Go through the listing below and write out exactly the lines from the one that mentions "- PASSPORT AND" through the one that mentions "Project 10073 Record", minus the pictures.

▶ **RECORD EXTRACTS**
--- --- ---

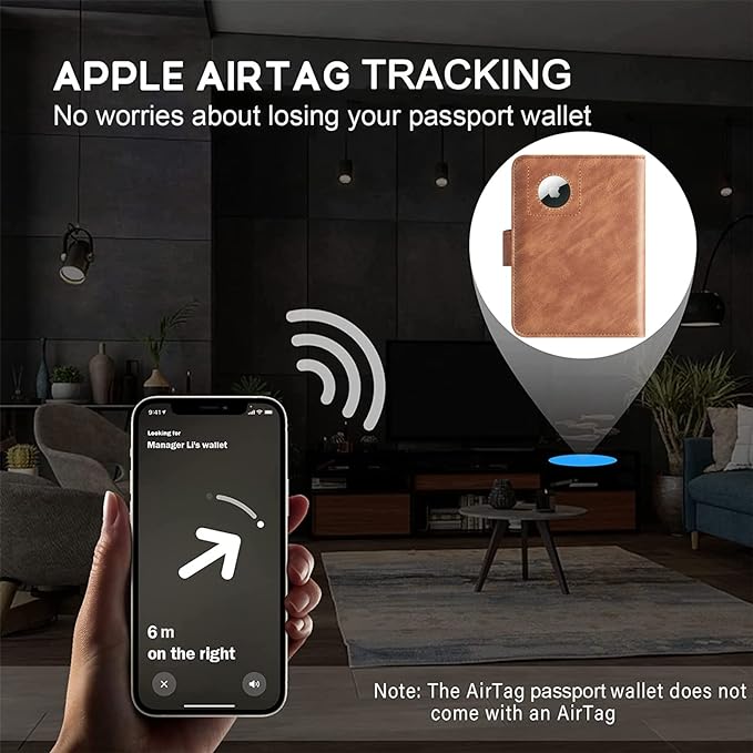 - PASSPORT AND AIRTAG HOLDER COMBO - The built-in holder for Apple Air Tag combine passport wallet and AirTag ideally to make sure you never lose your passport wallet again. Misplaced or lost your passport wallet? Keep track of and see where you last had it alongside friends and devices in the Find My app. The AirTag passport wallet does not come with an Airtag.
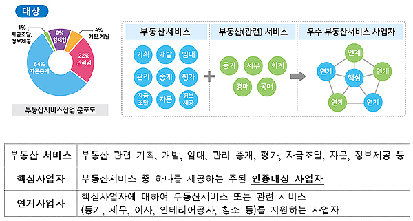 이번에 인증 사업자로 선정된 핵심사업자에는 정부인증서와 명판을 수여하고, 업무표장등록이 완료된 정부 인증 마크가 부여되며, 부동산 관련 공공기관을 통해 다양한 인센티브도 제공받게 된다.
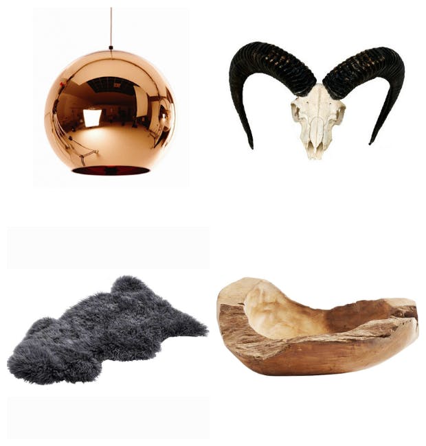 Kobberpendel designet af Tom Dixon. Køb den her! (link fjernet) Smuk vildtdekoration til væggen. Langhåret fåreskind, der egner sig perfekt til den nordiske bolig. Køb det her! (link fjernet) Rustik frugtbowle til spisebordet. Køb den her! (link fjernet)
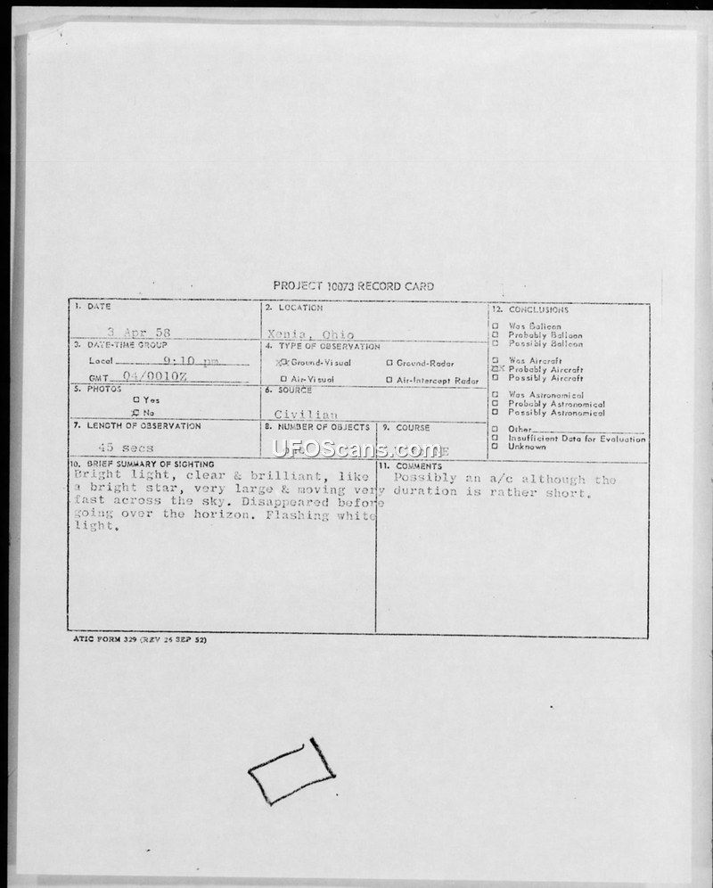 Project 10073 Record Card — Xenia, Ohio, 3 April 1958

--- --- ---

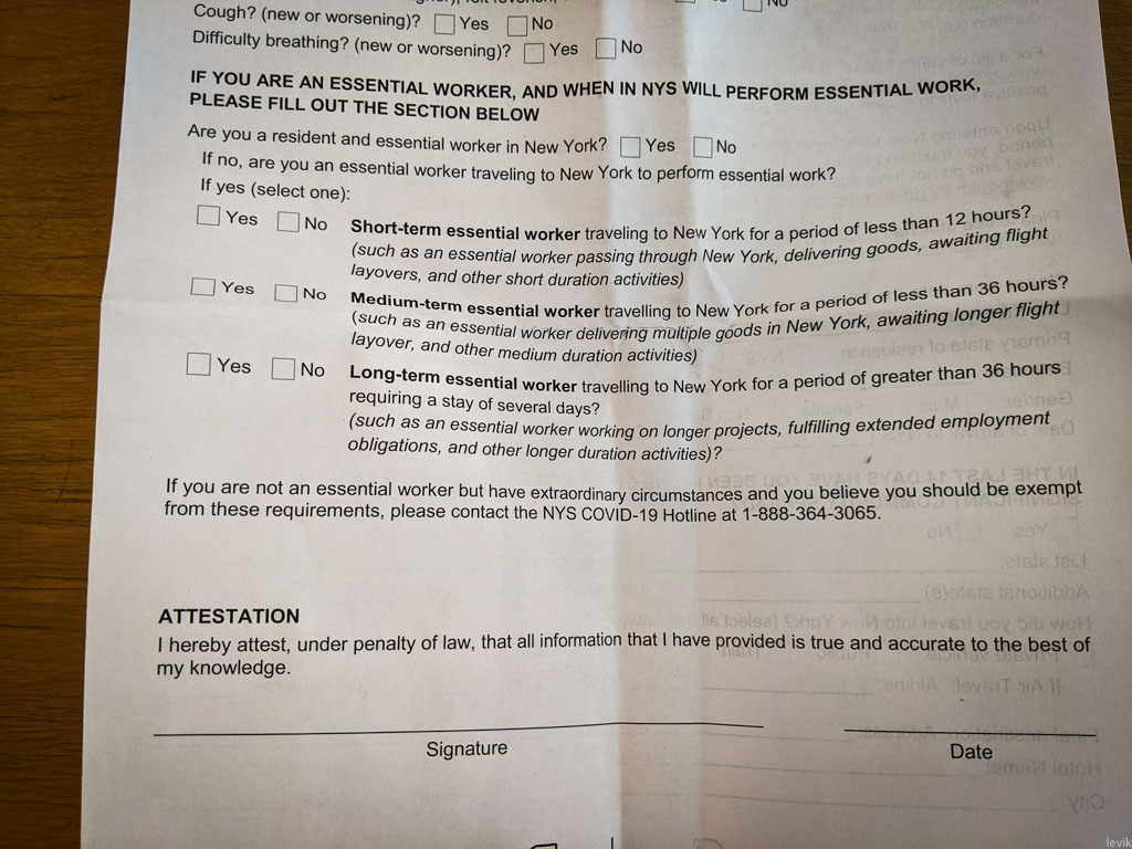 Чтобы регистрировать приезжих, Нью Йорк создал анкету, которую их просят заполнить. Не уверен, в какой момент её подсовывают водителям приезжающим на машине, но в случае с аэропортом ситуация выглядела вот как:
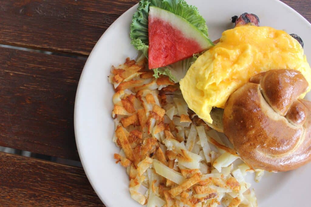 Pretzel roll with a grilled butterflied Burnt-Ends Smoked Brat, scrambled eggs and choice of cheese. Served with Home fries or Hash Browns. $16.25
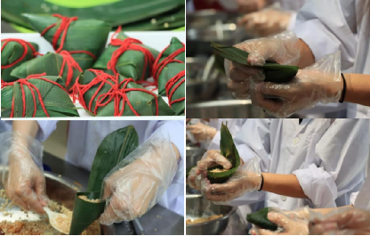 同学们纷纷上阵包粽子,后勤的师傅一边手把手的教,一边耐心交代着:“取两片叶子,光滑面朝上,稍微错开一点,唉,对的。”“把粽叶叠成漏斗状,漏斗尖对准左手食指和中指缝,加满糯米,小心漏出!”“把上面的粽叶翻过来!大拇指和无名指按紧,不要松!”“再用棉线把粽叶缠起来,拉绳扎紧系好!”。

--- --- ---

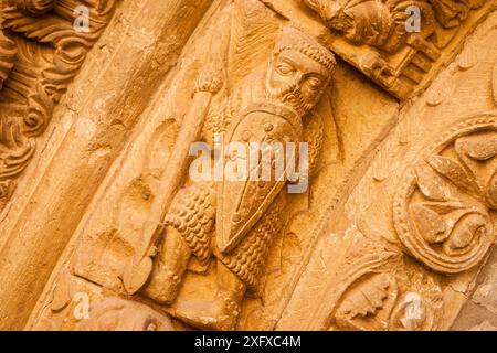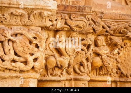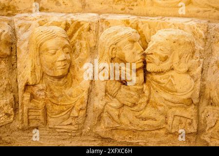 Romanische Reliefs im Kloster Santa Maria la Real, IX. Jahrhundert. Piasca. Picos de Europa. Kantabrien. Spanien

--- --- ---

▶ **ANSWER SECTION**
 - PASSPORT AND AIRTAG HOLDER COMBO - The built-in holder for Apple Air Tag combine passport wallet and AirTag ideally to make sure you never lose your passport wallet again. Misplaced or lost your passport wallet? Keep track of and see where you last had it alongside friends and devices in the Find My app. The AirTag passport wallet does not come with an Airtag.
 이번에 인증 사업자로 선정된 핵심사업자에는 정부인증서와 명판을 수여하고, 업무표장등록이 완료된 정부 인증 마크가 부여되며, 부동산 관련 공공기관을 통해 다양한 인센티브도 제공받게 된다.
 Kobberpendel designet af Tom Dixon. Køb den her! (link fjernet) Smuk vildtdekoration til væggen. Langhåret fåreskind, der egner sig perfekt til den nordiske bolig. Køb det her! (link fjernet) Rustik frugtbowle til spisebordet. Køb den her! (link fjernet)
 Project 10073 Record Card — Xenia, Ohio, 3 April 1958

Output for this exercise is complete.